An examination of the profile of output and employment changes in the building and construction industry over the last two decades show clearly that the industry has been subjected to severe fluctuations over the years. Output fluctuations on this scale prevent proper planning and lead to expensive inefficiencies and severe dislocation in both the industry and the economy. Since the industry is sheltered to a large extent from the direct effects of fluctuations in the world economy and since about two-thirds of construction output is financed directly or indirectly by the public sector, the problem is largely domestic in origin. The Government have a responsibility to the industry to ensure it develops in an orderly way and that output and employment fluctuations are minimised and not reinforced.

It is against this background that the irresponsible behaviour of the Fianna Fáil administration between 1977 and 1981 must be judged. The economy in general and the building industry in particular are still paying the price of the disastrous, debt-financed inflationary boom unleashed by that administration which destabilised the whole industry and represented a complete negation of the kind of systematic planning that is needed. It resulted in spiralling costs which largely negatived the increased investment and gave us an increase in imports which is still with us.

In the three years between 1977 and 1979 the public capital investment more than doubled at a time when it was manifestly clear that the industry had already entered a strong growth phase. Output rose by 1.7 per cent in 1976 and by 8.7 per cent in 1977. Average employment which fell by 5,000 in 1976 rose by 3,000 in 1977. This was the beginning of orderly growth and the Coalition Government of 1973 to 1977 was achieving it. All that the irresponsible intervention of the Fianna Fáil Government achieved was a sharp increase in imports of building materials to meet the artificially raised demand, large increases in building costs and prices and inflationary pressures which worked their way through the economy and imposed unwarranted cost increases on our manufacturing and services sectors.

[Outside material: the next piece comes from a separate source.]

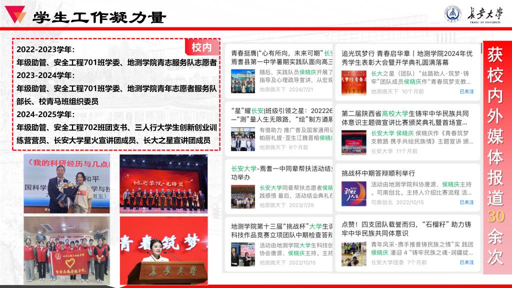 星火宣讲团成员,陕西省铸牢中华民族共同体意宣讲团成员,西北高校青年铸牢中华民族共同体意识宣讲联盟代表。连续三年专业和综合成绩排名双第一,获得国家奖学金、感恩中国近现代科学家奖学金等,现已推免至中国科学技术大学;连续两年赴新疆焉耆开展铸牢中华民族共同体意识社会实践,社会实践时长累计30余天,实践活动被国家级和省部级官方媒体宣传报道80余次,注重凝练总结,将实践案例结合党的创新理论进行宣讲,获得西北高校青年师生铸牢中华民族共同体意识主题演讲比赛三等奖、做爱视频

The legacy of high prices, high imports, high debt and false expectations still bedevils the building industry. One would hope that the futility of trying to inflate output out of proportion to and beyond the capacity of the building industry has been learnt by the Opposition and that they would never again attempt to manipulate the industry for shallow party political advantage — but I am bound to say that nothing that has happened or been said by the Opposition since that period would give one any encouragement to believe that the lessons have been learnt. Playing politics with the country's second largest industry is still the name of the game so far as Fianna Fáil are concerned.

That is a disgraceful comment.

It is true.

It is a facile comment.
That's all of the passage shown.